Siendo los quince días del mes de agosto de cueste año, como recordará su merced, el capitán Joaquín recibió la orden de vuestra persona de embarcar hombres y pertrechos y dirigirse a la villa de San Cristóbal, en el oeste de la isla. Para dicha tarea se alistaron y dispusieron cuarenta hombres, todos marinos de experiencia, leales a sus Majestades. Junto a ellos, embarcó mi humilde persona para servir como escriba e intérprete de la expedición.
Desde el primer momento la travesía fue bendecida con buenos vientos y nuestro barco navegó sin infortunios hasta las costas occidentales.
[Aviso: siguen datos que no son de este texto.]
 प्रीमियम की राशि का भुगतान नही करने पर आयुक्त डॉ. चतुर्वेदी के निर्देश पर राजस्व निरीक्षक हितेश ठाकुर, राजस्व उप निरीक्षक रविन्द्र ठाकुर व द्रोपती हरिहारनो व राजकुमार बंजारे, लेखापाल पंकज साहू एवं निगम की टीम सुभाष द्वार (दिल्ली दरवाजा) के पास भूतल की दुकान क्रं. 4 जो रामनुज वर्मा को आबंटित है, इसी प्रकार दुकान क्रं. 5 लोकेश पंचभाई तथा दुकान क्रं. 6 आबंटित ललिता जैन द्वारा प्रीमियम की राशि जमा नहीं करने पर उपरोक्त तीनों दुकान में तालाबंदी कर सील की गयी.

Ya en la villa, púsose el capitán en función de cumplir sus encomiendas, encargándonos a nosotros, los marinos, diferentes trabajos en el villorrio. En tales faenas nos demoramos mes entero, antes de que se nos alistara nuevamente para emprender el regreso a Santiago.
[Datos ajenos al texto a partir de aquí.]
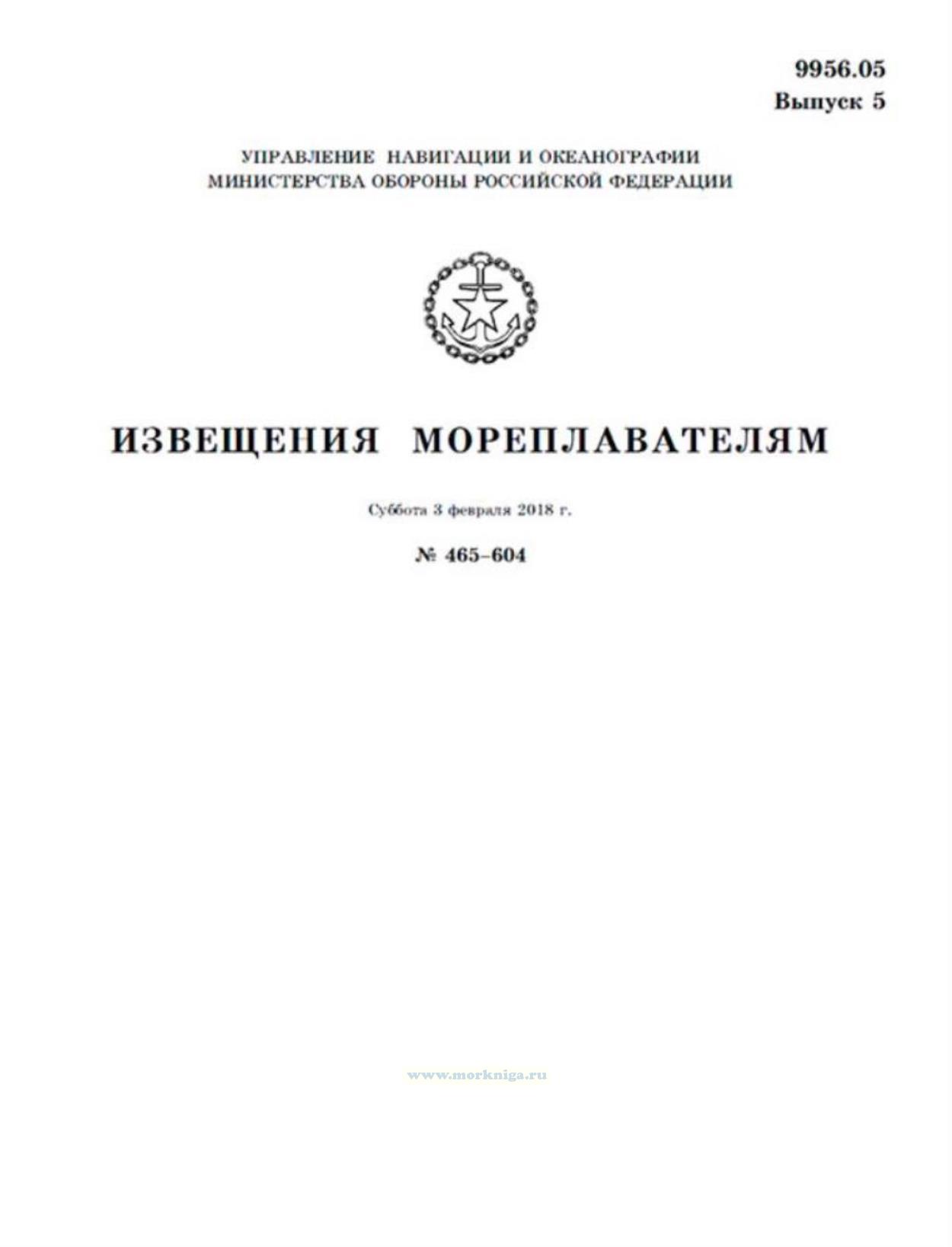 Извещения мореплавателям. Выпуск 5. № 465-604 (от 3 февраля 2018 г.) Адм. 9956.05

Durante nuestro retorno y dado a su alma de explorador adelantado, don Joaquín hizo conducir la nave por aguas costeras, en busca de asentamientos nativos, quizás con la idea de fomentar la creación de nuevas villas bajo el consentimiento de vuestra Excelencia. Debo decir que sus esfuerzos dieron resultado, pues a solo tres días de San Cristóbal encontramos grupos de indios pescando en canoas cerca de la desembocadura de un río.
Al momento, don Joaquín ordenó establecer contactos con dichos nativos para lo cual se sirvió de mis conocimientos, advirtiéndoseme de no separarme de su lado mientras fueran necesarias mis ayudas para los entendimientos con los nativos.
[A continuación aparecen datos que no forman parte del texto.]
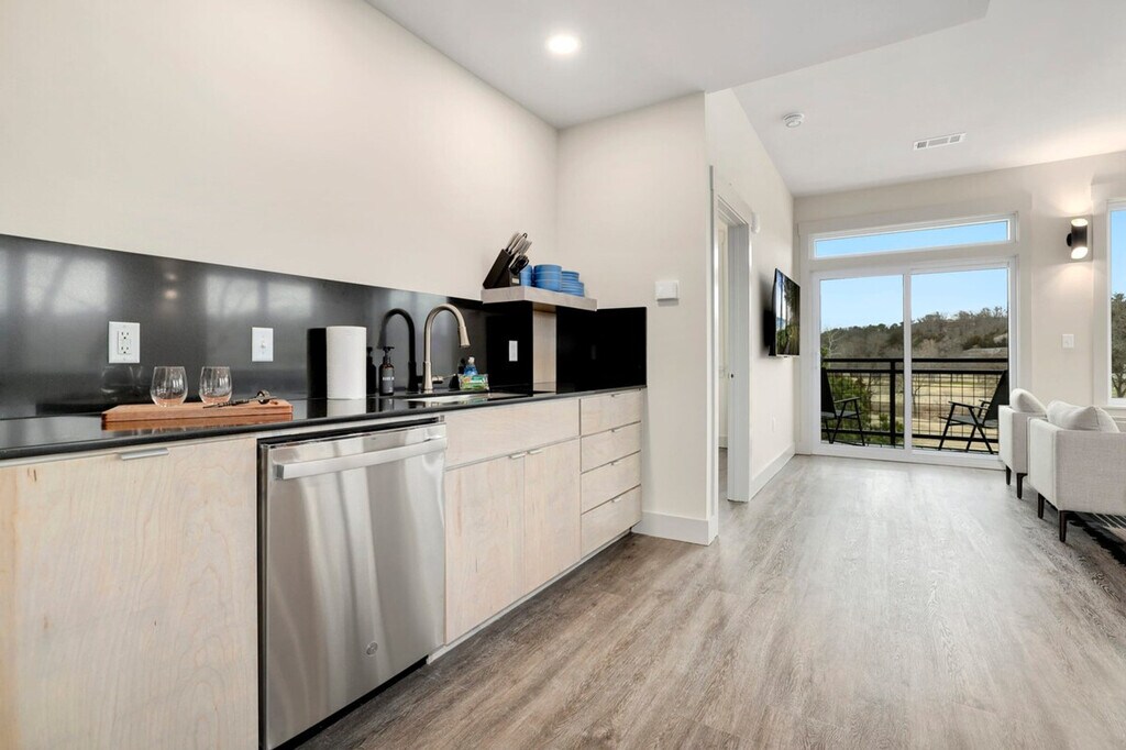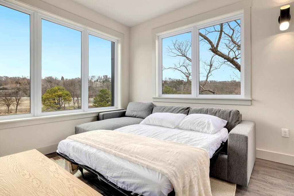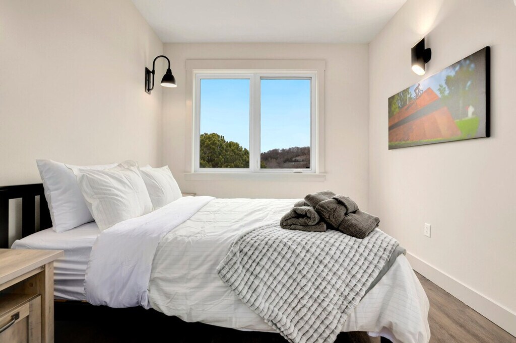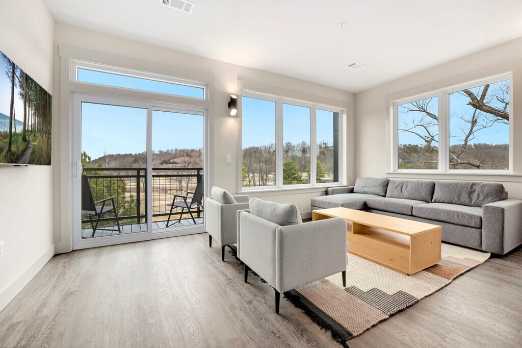 The advertised rate of $4,797/month is the lowest available price, based on a 30 day(s) stay with a move-in date of March 24, 2026. Rates vary depending on the duration of stay, season, and other parameters. For exact pricing and additional pricing components, please visit our website and enter your desired move-in and move-out dates. The rate is applicable when billed upfront; it can be higher if billed in multiple payments. Experience the Natural State at Play Thru, a 2-bedroom, 2-bathroom loft offering all the luxury amenities you need for the perfect vacation. Feel at home in this spacious apartment located within minutes of Arkansas' premiere biking trails, making it ideal for anyone looking for a little adventure. This spacious apartment features a bright, cozy living room, a kitchen with all the amenities and appliances needed for staying in, and a washer and dryer for guest use. Enjoy the dining space for 6 and relax on the back patio with seating. Cyclists will appreciate the bike storage, bike washing station, and full bike maintenance stand. Secure indoor bike parking with cameras is available in the hall of each floor. Phat Tire Bike Shop and Trail Side Coffee are conveniently located right downstairs. Guest cards are required to access amenities and must be completed listing each guest’s name in order to access amenities. A $30 processing fee is associated with this pass, and it must be paid prior to your arrival. While the pass grants access to most recreational facilities, it is not an all-access free ticket. Amenities such as pools, lakes, fitness centers, tennis, golf, etc., still require payment of applicable usage fees. The Bella Vista POA Member Services office is not open on weekends, and cards cannot be issued on those days. Located just 15 minutes from Bentonville's Entertainment District and Downtown Square, this apartment is 0.1 miles from Tunnel Vision MTB Trailhead, which is visible from the back patio. It's also 1 mile from Blowing Springs MTB Trailhead, 2 miles from Little Sugar MTB Trailhead, 2 miles from the Razorback Greenway with access to NWA's premier biking, running, and walking trails, and 3 miles from Tanyard Creek with its nature trail and waterfall. This property is not pet-friendly, and pets discovered at the property will incur a fine of $400. No parties or events are allowed unless pre-arranged with the host and the event fee has been paid; unapproved parties or events will incur a fine of $1000. Unauthorized checkout delays will incur a fine of $100 per hour. Smoking is prohibited in the home, and smoking in the home will incur a fine of $1000 plus the cost of any necessary smoke remediation. Quiet hours are observed between 10:00 PM and 10:00 AM. Check-in is any time after 3:00 PM. [SI]

Tras establecer las primeras comunicaciones y asegurarles que no les queríamos para mal, los nativos nos informaron la ubicación de su poblado. Don Joaquín mandó entonces a anclar la nave e hizo descender tres botes de remos, en los cuales su persona y media tripulación irían río adentro a visitar la aldea sirviéndose de la guía de los pescadores. La otra mitad de los hombres quedose custodiando la nao. Como supondrá su Excelencia, fui incluido en el grupo de exploradores, el cual iba bien apertrechado con baratijas para intercambios y armas por si encontrábamos resistencia a nuestras voluntades.
El agua del riacho era clara y bajo nuestros botes podíamos ver enormes ejemplares de las sirenas de cuesta isla, cuya carne dicen que es manjar de reyes. Además vimos saurios de gran tamaño en las orillas pero, por ventura, las bestias no nos molestaron en nuestro recorrido. A pesar de que la corriente no era demasiado fuerte hubo de transcurrir buen tiempo antes de avistar poblado alguno. La aldea estaba compuesta en su mayoría por bohíos, construidos en pilares sobre las aguas, barbacoas que le dicen. Aunque también tenían viviendas rodeando un claro abierto en la espesura de la selva. Hacia allí nos condujeron nuestros guías, mientras éramos escoltados por muchedumbres de curiosos, hombres y mujeres de todas las edades.
Una vez llegados al centro del poblado acudió a recibirnos el cacique en compañía del cortejo de mancebos y mozas más fermosos que ojos jamás hubieran visto. Todos tan desnudos como Dios los envió al mundo y completamente carentes de pudor, como se hace costumbre en estas tierras olvidadas por Cristo.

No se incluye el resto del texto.